Here are some test cases that can serve as a check that an implementation of Burro (that is, Burro 2.x) is not grossly broken.

In fact, this test suite was not produced as a comprehensive test of all Burro semantics; it was produced as a side-effect of a search for an extensible idiom for conditionals in Burro, which in turn was in pursuit of defining a translation from Turing machines to Burro programs, in order to prove that Burro is Turing-complete. Taking this into account may help one understand why this test suite is written in the way that it is.

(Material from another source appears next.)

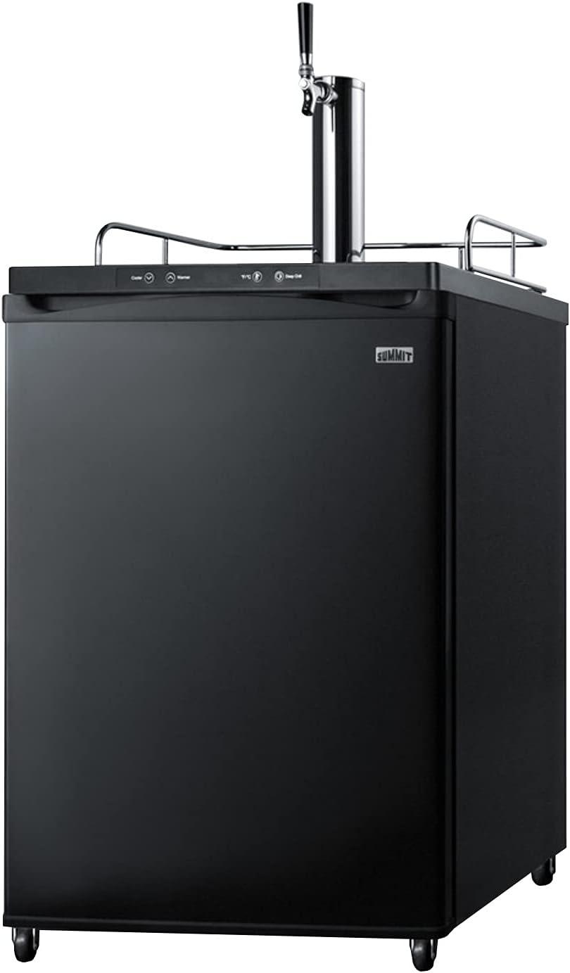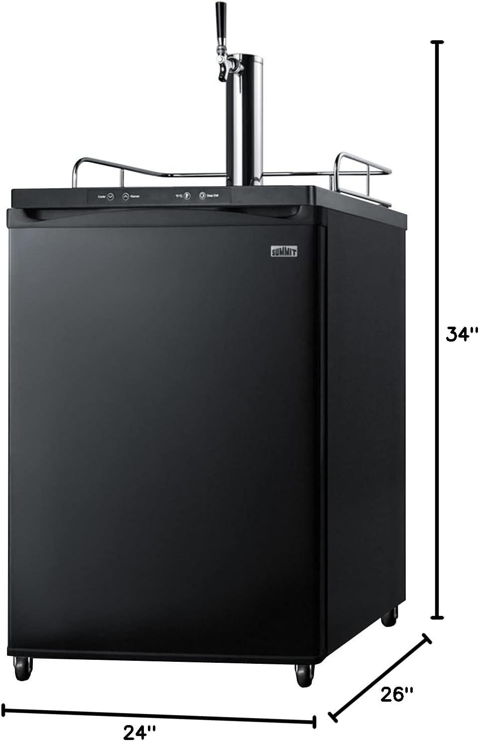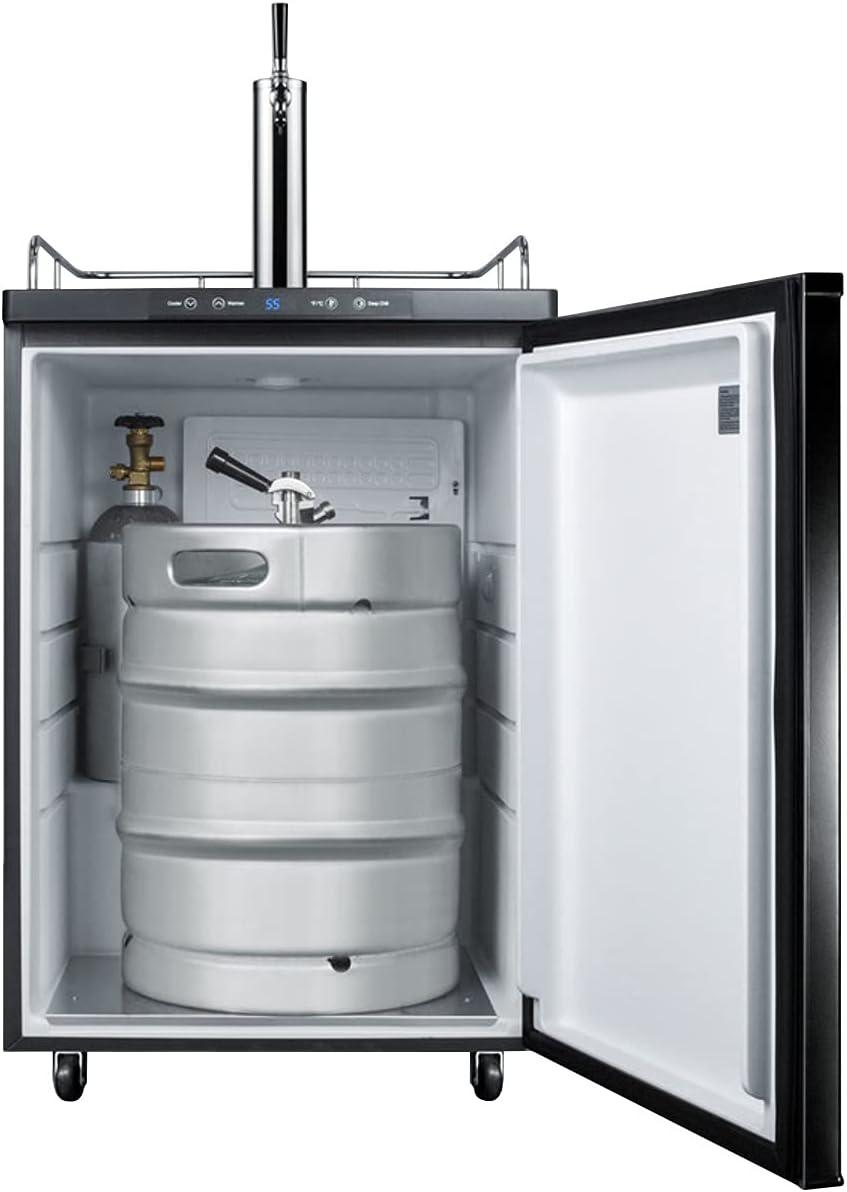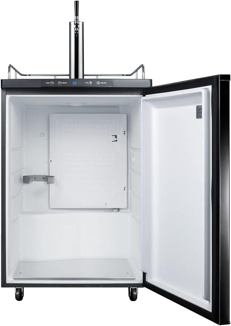 The SBC635MBI features a large interior that can hold a full half, quarter, 1/6 or mini keg. It features a front-breathing design for built-in installation under counters, with a jet black finish and matching Sankey tower. The surface includes a removable drip tray to collect spills and a chrome guard rail to help keep glasses and mugs in place. The user-reversible door swing makes it easy to accommodate any location’s setup. This unit is height adjustable from 33 1/2″ to 34″ to best fit your under counter space. Please note that the door does not open in its own radius. When planning your cutout, if the unit is mounted against a wall or flush under cabinetry, you will need between 25 and 25 1/4″ width for proper ventilation.

These tests are written in Falderal format. Each indented code block (generally preceded by a description) represents a test. All the lines of the code block up until the ===> line give the input to be tested; the text after ===> gives the expected output. ???> gives an expected error message, which is permitted to be a partial (substring) match.

Idiom for conditional execution

-> Tests for functionality "Run Burro Program"

-> Functionality "Run Burro Program" is implemented by
-> shell command "bin/burro run %(test-body-file)"

The basic idiom is the following

--(GT>/LT>)<

Call the number in the current cell of the tape n. We will assume n is odd. If n is greater than 2, GT is executed; if n is less than 2, LT is executed. Both GT and LT may modify the current cell to whatever they want (although note that it will not contain n initially - it will be zero initially). They may also move around and modify other parts of the tape. They should however return the tape head to the position it started in. (See below for what happens when we violate that constraint.)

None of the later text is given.